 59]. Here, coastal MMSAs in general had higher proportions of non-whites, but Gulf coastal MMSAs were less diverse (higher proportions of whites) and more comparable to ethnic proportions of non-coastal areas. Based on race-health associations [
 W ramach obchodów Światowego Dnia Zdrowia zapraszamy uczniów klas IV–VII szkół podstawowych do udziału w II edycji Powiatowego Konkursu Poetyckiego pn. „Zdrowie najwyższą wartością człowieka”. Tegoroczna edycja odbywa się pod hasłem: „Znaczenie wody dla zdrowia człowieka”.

——————

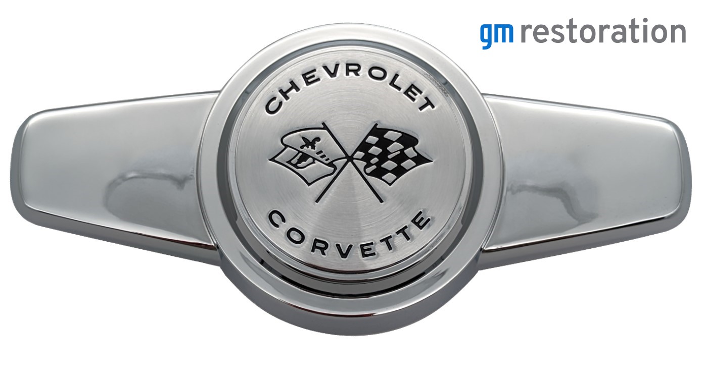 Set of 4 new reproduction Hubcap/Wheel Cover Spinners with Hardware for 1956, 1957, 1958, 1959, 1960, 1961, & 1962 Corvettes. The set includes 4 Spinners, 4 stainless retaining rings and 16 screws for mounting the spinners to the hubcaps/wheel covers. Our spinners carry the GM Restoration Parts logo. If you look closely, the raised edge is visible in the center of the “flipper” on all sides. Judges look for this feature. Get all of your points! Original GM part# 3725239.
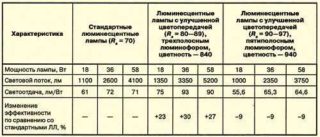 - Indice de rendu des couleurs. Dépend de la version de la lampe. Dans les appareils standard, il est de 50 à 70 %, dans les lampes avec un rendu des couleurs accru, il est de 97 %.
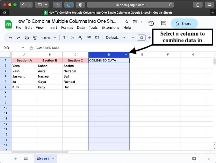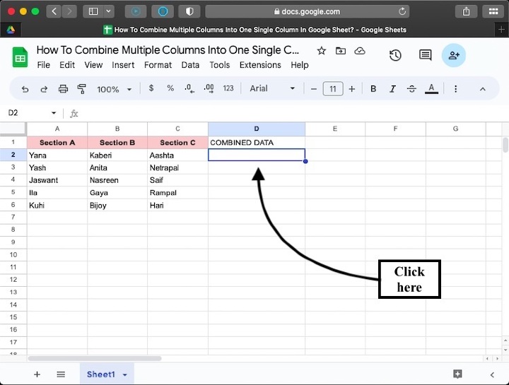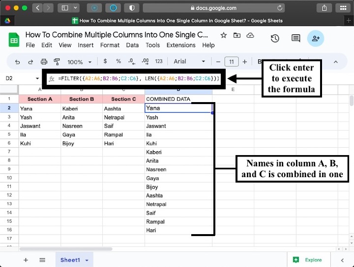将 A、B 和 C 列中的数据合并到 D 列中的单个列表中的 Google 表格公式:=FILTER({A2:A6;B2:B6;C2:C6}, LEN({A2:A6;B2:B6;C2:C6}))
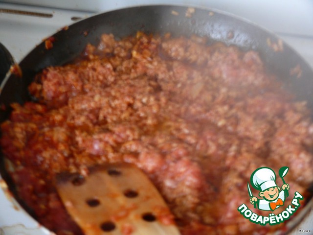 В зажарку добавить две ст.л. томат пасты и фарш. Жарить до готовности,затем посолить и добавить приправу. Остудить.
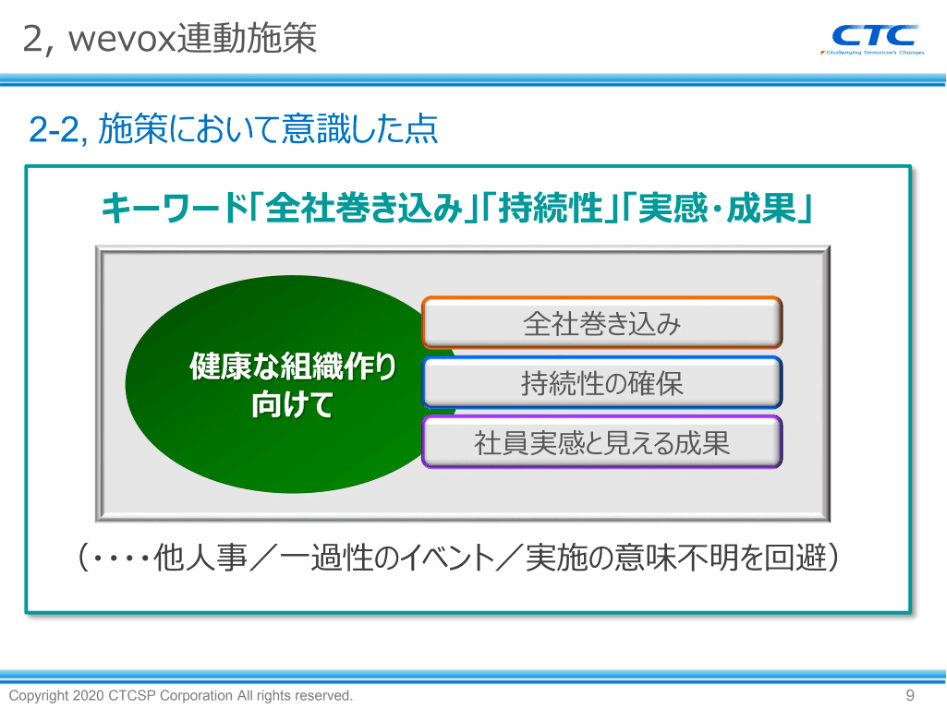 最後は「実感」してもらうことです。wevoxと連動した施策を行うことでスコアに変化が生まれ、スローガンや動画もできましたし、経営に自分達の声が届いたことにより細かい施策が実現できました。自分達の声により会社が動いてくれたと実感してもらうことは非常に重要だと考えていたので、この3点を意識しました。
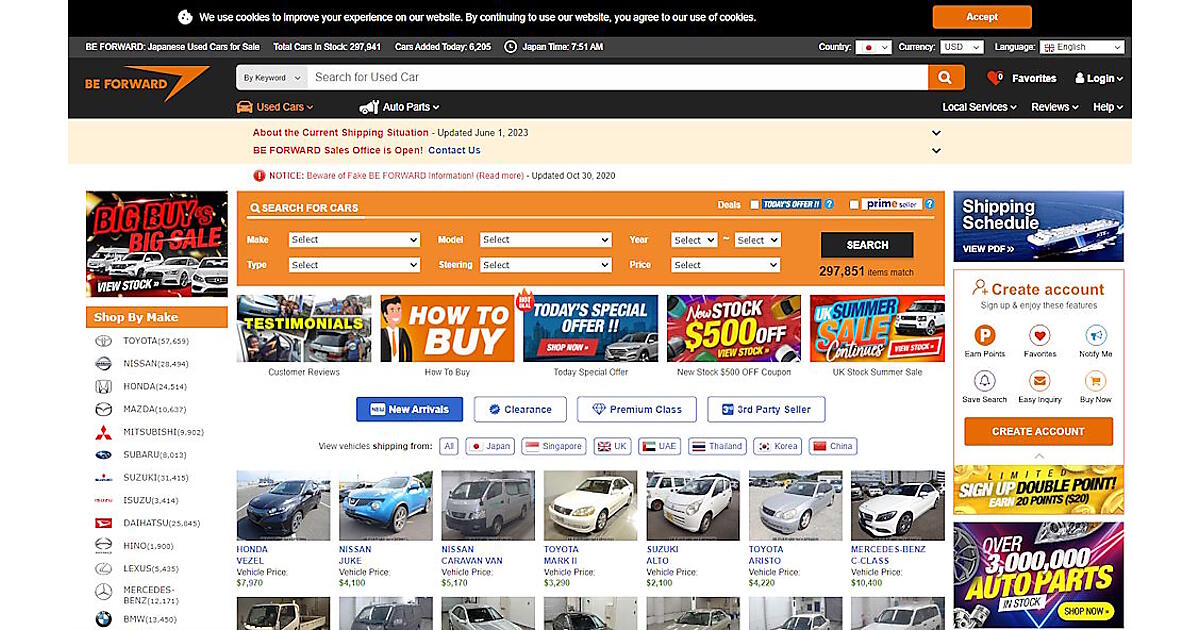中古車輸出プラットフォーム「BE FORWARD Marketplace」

——————

Would you please reproduce the entries above, starting at the line with "Set of 4 new" and stopping after the line with "- Indice de"? Omit any pictures.

**RESPONSE AREA**.
 Set of 4 new reproduction Hubcap/Wheel Cover Spinners with Hardware for 1956, 1957, 1958, 1959, 1960, 1961, & 1962 Corvettes. The set includes 4 Spinners, 4 stainless retaining rings and 16 screws for mounting the spinners to the hubcaps/wheel covers. Our spinners carry the GM Restoration Parts logo. If you look closely, the raised edge is visible in the center of the “flipper” on all sides. Judges look for this feature. Get all of your points! Original GM part# 3725239.
 - Indice de rendu des couleurs. Dépend de la version de la lampe. Dans les appareils standard, il est de 50 à 70 %, dans les lampes avec un rendu des couleurs accru, il est de 97 %.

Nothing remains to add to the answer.